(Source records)
□ □ □ □

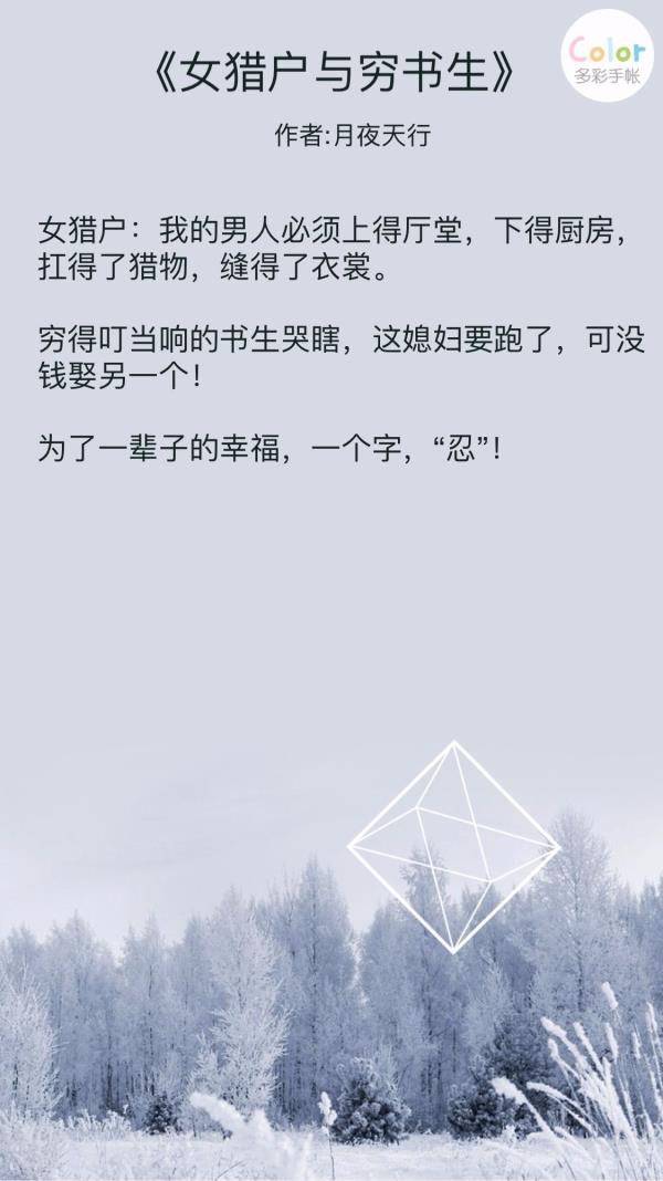 4、《女猎户与穷书生》作者:月夜天行
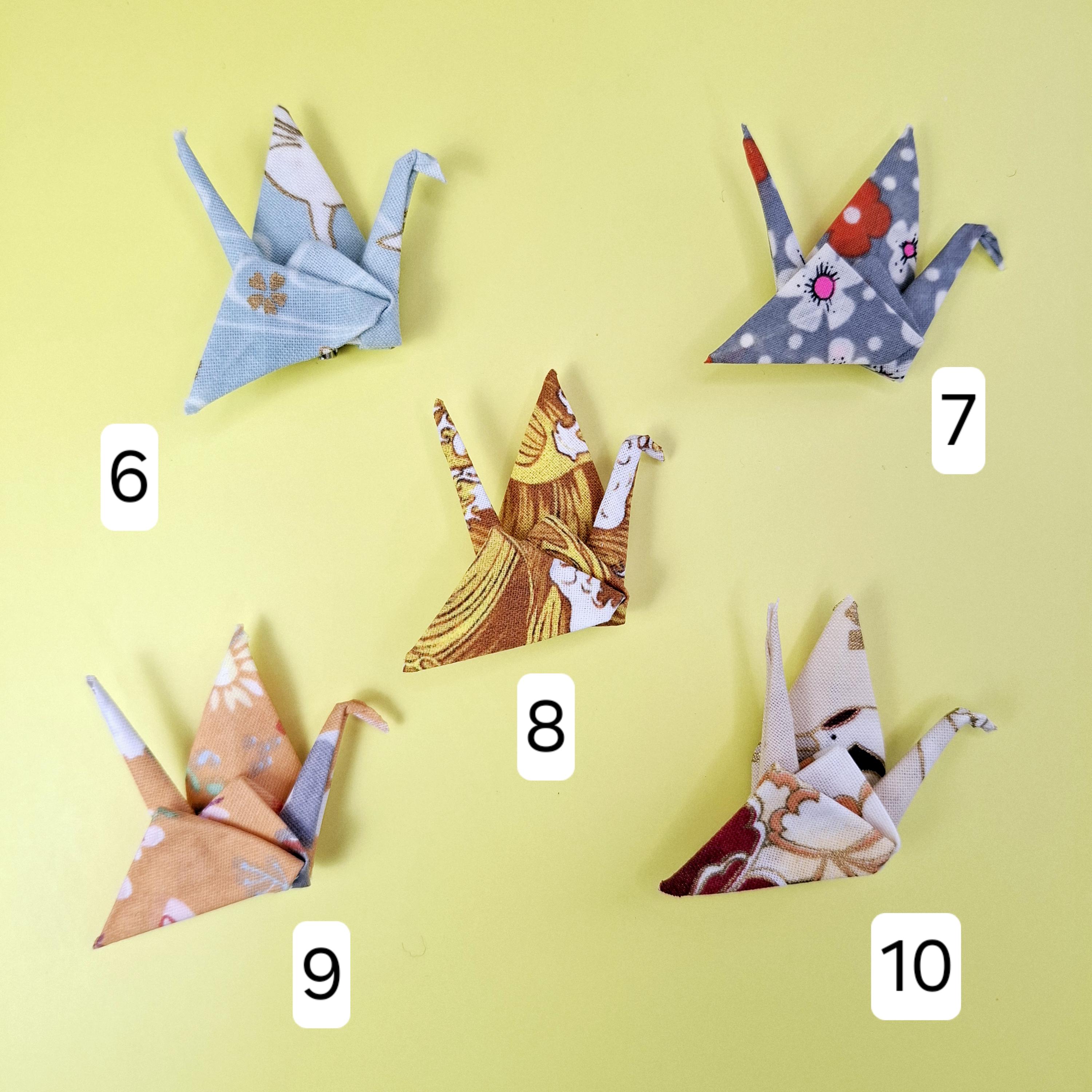 Treat yourself or a loved one to a symbol of luck and prosperity with our origami fabric crane brooches. These unique and exquisite creations are sure to attract attention and admiring compliments.
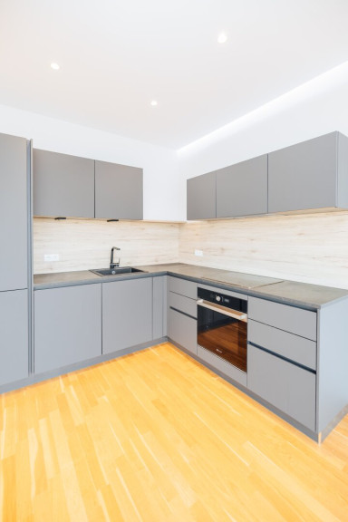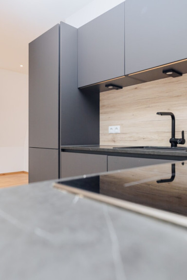 Schon beim Eintreten spüren Sie das besondere Ambiente: Ein eleganter Vorraum mit dezenten Deckenspots heißt Sie willkommen. Der großzügige Wohn-Essbereich mit integrierter Designer-Küche öffnet sich zur privaten Terrasse – ein sonniger Platz zum Durchatmen, Genießen oder Begrüßen von Gästen.
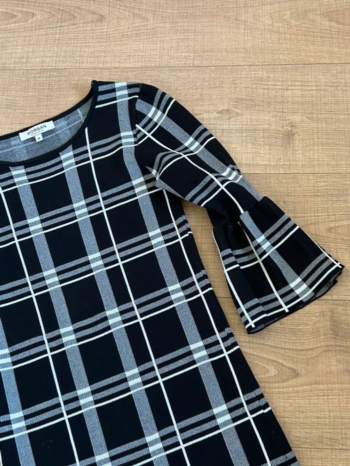Magnifique robe noire et blanche à manches courtes, de marque Morgan. Taille M. Portée une fois, elle est comme neuve. aisselle à aisselle 36 cms à 46 cms épaule à épaule 36 cms à 44 cms taille 34 cms à 44 cms longueur depuis épaule 91 cms Le tissu est extensible Étiquette intérieure de composition coupée Le prix reste négociable dans la limite du raisonnable. Un petit cadeau dans le colis 🌸
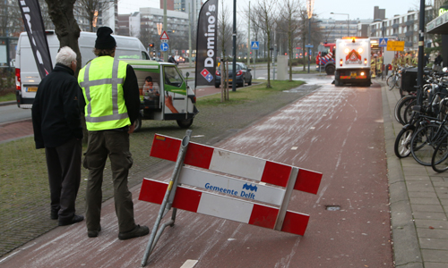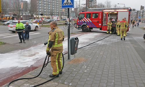 Delft – De brandweer is zaterdagmiddag opgeroepen voor een bijzondere melding aan de Papsouwselaan in Delft. Een vat met 25 liter latex bleek te zijn gevallen, waarschijnlijk heeft een fietser het laten vallen. Doordat er vele tweewielers door de latex reden, kwam het hele fietspad onder het witte spul te zitten. De brandweer heeft samen met firma Vreugdenhil geprobeerd het fietspad te reinigen. Een gespecialiseerd bedrijf is inmiddels onderweg om te assisteren.
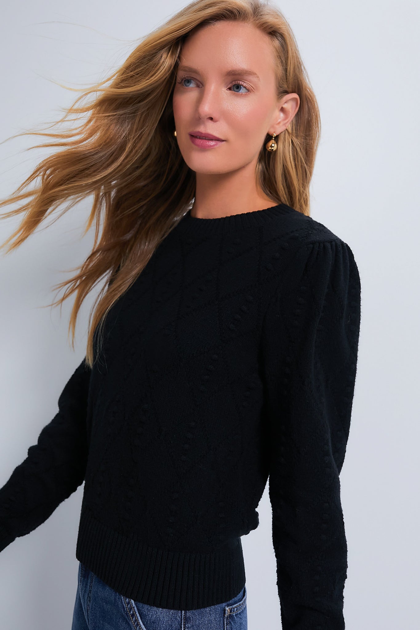 We love a good staple sweater. and the Black Crewneck Violet Sweater is one your closet is craving. Featuring subtle puff sleeves and a playful textured fabric. this style will be one you reach for time and time again. Pair with your go-to jeans and suede booties. perfect for those days when you want to be casual. yet polished.

□ □ □ □

WORK ITEM: All pictures are to be skipped; the lines from the first line of the records through the line containing "Schon beim Eintreten" are to be repeated exactly, both ends included.

ANSWER BOX:
 4、《女猎户与穷书生》作者:月夜天行
 Treat yourself or a loved one to a symbol of luck and prosperity with our origami fabric crane brooches. These unique and exquisite creations are sure to attract attention and admiring compliments.
 Schon beim Eintreten spüren Sie das besondere Ambiente: Ein eleganter Vorraum mit dezenten Deckenspots heißt Sie willkommen. Der großzügige Wohn-Essbereich mit integrierter Designer-Küche öffnet sich zur privaten Terrasse – ein sonniger Platz zum Durchatmen, Genießen oder Begrüßen von Gästen.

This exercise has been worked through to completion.